The difference $| V_{n e e d} - V_{o u t} |$ is the mismatch between the vergence supplied by the lens and the vergence required to get a sharp image. In the human eye, if this occurs it is a mismatch between the power of its optical elements (which are called the cornea and the crystalline lens) and the length of the eye. In this case, the eye suffers from refractive error. Chapters 9, 10, and 11 cover this in more detail.

Refractive error $| V_{n e e d} - V_{o u t} |$ causes blur, so we can measure the amount of refractive error by measuring the amount of blur a person experiences. Figure 6 shows the effect of blur on the readability of letters. If you move the slider, you can see that when the size of the blur disc (shown in the middle of the figure) is about 2/3 the height of the letters, the letters can't be read at all.

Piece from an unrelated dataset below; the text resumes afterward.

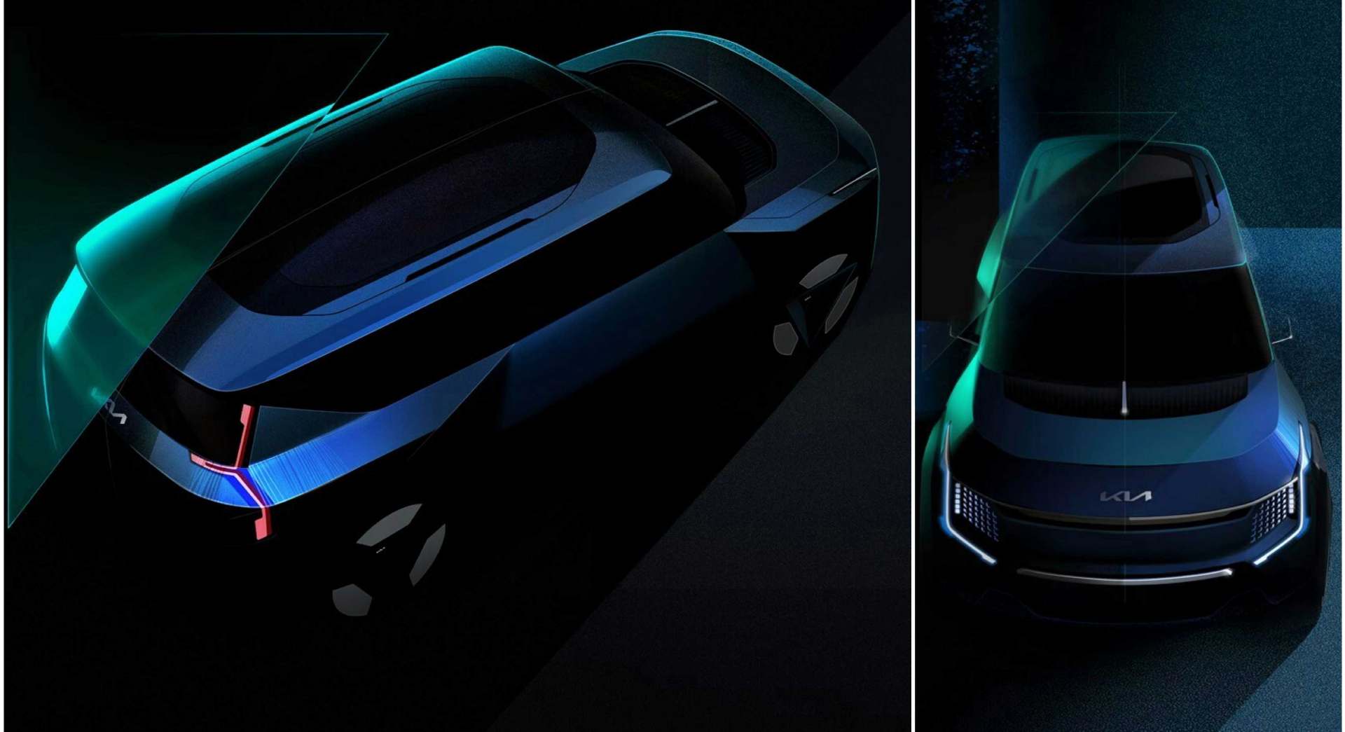 Ahead of its world premiere in the coming days, Kia has shared glimpses of its latest all-electric concept, the Kia EV9 SUV. Said to follow in the footsteps of the Kia EV6 crossover, the Kia EV9 – which will debut at the Los Angeles Auto Show on 17 November – is every bit the muscular, square-jawed SUV that the original teaser hinted at. While Kia has shared nothing more than a few shadowy images and design sketches, it’s clear that with the EV9, boxy is in. [caption id=“attachment_10128791” align=“alignnone” width=“1920”]  The Kia Concept EV9 previews the carmaker’s first all-electric SUV. Image: Kia[/caption] Said to be inspired by the ‘contrasts of nature’, the EV9, with its upright proportions, squared-off front-end and block-like body is in the mould of some iconic burly SUVs and will appeal to fans of this body style. It features slim, L-shaped LED lights up front, and next to them are tiny circular daytime running lights integrated into perforations in the otherwise sealed-off front-end. The EV9’s muscular wheel arches are visible, as are its blacked-out pillars (lending the ‘floating roof’ effect), its large glass roof and thin LED tail-lights. [caption id=“attachment_10128801” align=“alignnone” width=“1920”]  Note blacked-out pillars and large glass roof. Image: Kia[/caption] The design sketch of the EV9’s interior provides a look at the funky steering wheel and an ultra-wide screen that combines the digital driver display and the touchscreen infotainment system as the highlights in an otherwise minimalistic SUV. Karim Habib, head of design at Kia, spoke about using recycled fish nets for the EV9’s flooring, and its seat fabrics utilising recycled plastic bottles and wool fibre. The EV9 will only have vegan leather on the inside, and Habib even went on to say the company is working to phase out the use of leather in its vehicles going forward. [caption id=“attachment_10128821” align=“alignnone” width=“1552”]  Ultra-wide screen a highlight inside the otherwise minimalistic Kia EV9. Image: Kia[/caption] Kia has refrained from sharing any other details at this point, but by now, it’s clear the EV9 will be based on the same E-GMP architecture as the Hyundai Seven concept , which will also make its world premiere in LA on the same day. Like other models based on this platform, the production version of the Kia EV9 is likely to have a large lithium-ion battery (close to 100 kWh in capacity), single- and dual-motor options and a range of up to 500 kilometres on a full charge. Expect the production version of the Kia EV9 concept to debut sometime in 2023.
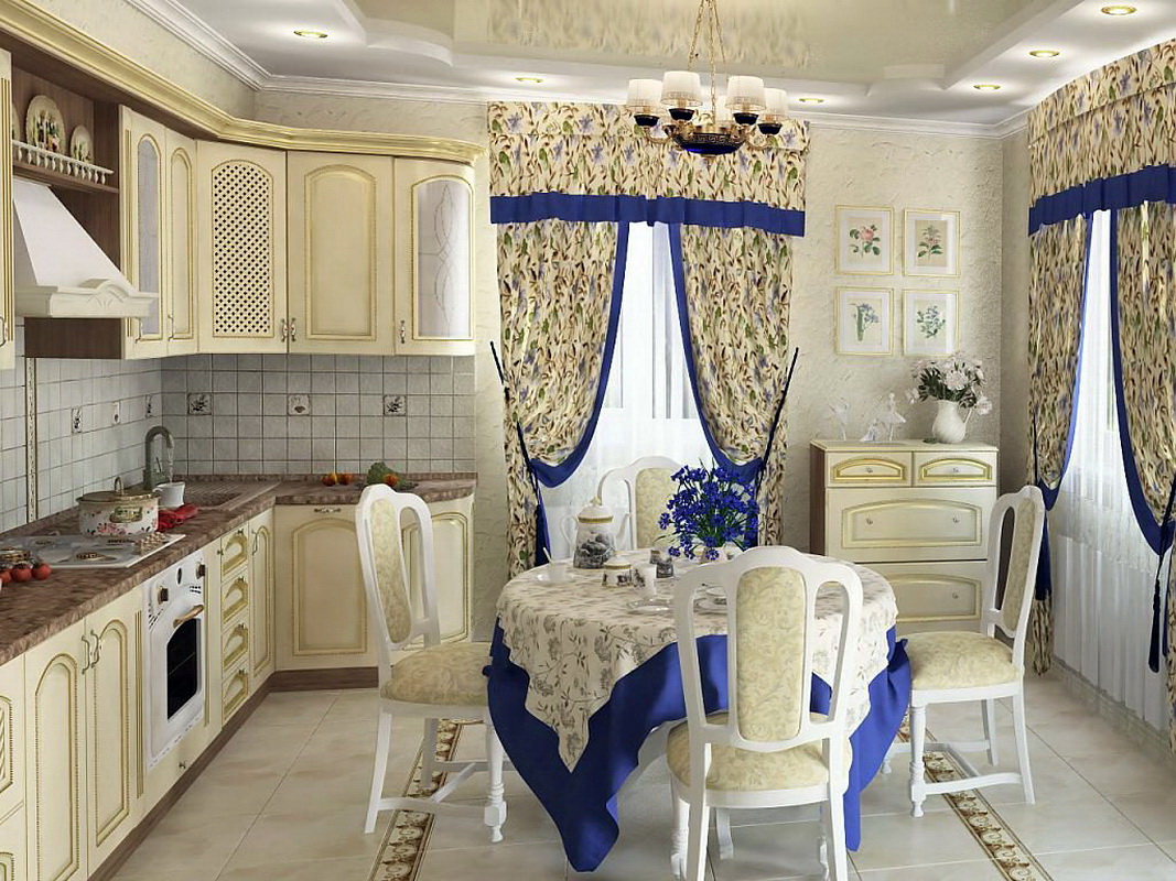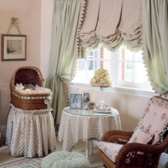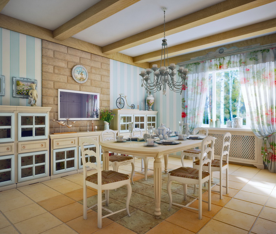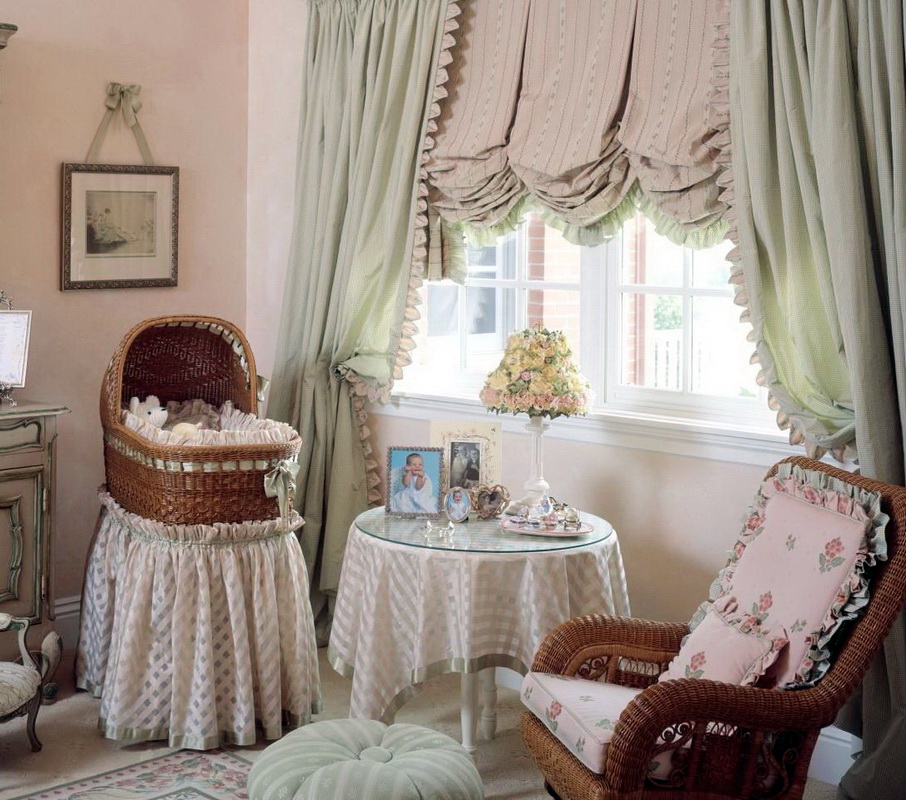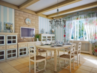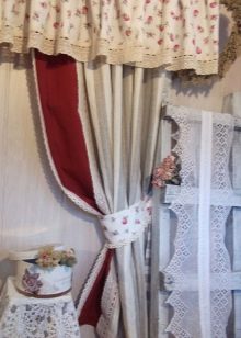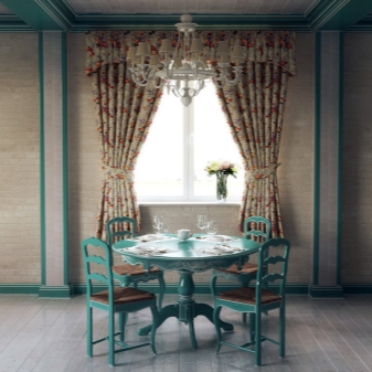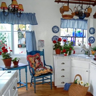 Provence can be both elegant and simple. Both are good in their own way. A simpler design is suitable for the kitchen, but for a bedroom or living room you can make the style festive. For this useful accessories. Provencal curtains can be added with lambrequin (simple, short or with semicircular folds), hooks, ruffles and lace,satin ribbons, bows. It is better to refuse cords, brushes and other “pomp”: the decor should be tasteful.

Figure 6. The effect of blur on readability. The slider allows you to change the size of the blur circle (in the middle of the image). The top row of letters is not blurred, but the bottom row shows what happens when they are. The height of the letters is 32 units. When the blur diameter is about 1/2 to 2/3 of this, it's nearly impossible to read the letters.

Thus, we can measure the amount of blur a person has by showing them letters of different sizes and seeing what the smallest readable letter is. The person's blur circle is then roughly 2/3 of this.

Depth of Field

When an image screen and a lens are fixed in place, only objects at a certain distance from the lens will be in focus. Objects closer than this, or further away, will be blurred ( Figure 7). If the distance from the lens to the image screen is $d$ , then only objects that ate at the distance to produce $V_{o u t} = 1 / d$ will be sharp and in focus; other objects will produce a blurred image.

Figure 7. A lens can only focus at one distance at a time. This lens is looking at three different coloured point objects at different distances. Initially the screen is set to focus on the nearest (orange) object, but in that case, the images of the other two are blurred. If you move the screen to focus on the middle (white) object, it blurs the orange one. Only one distance can be in focus at a time.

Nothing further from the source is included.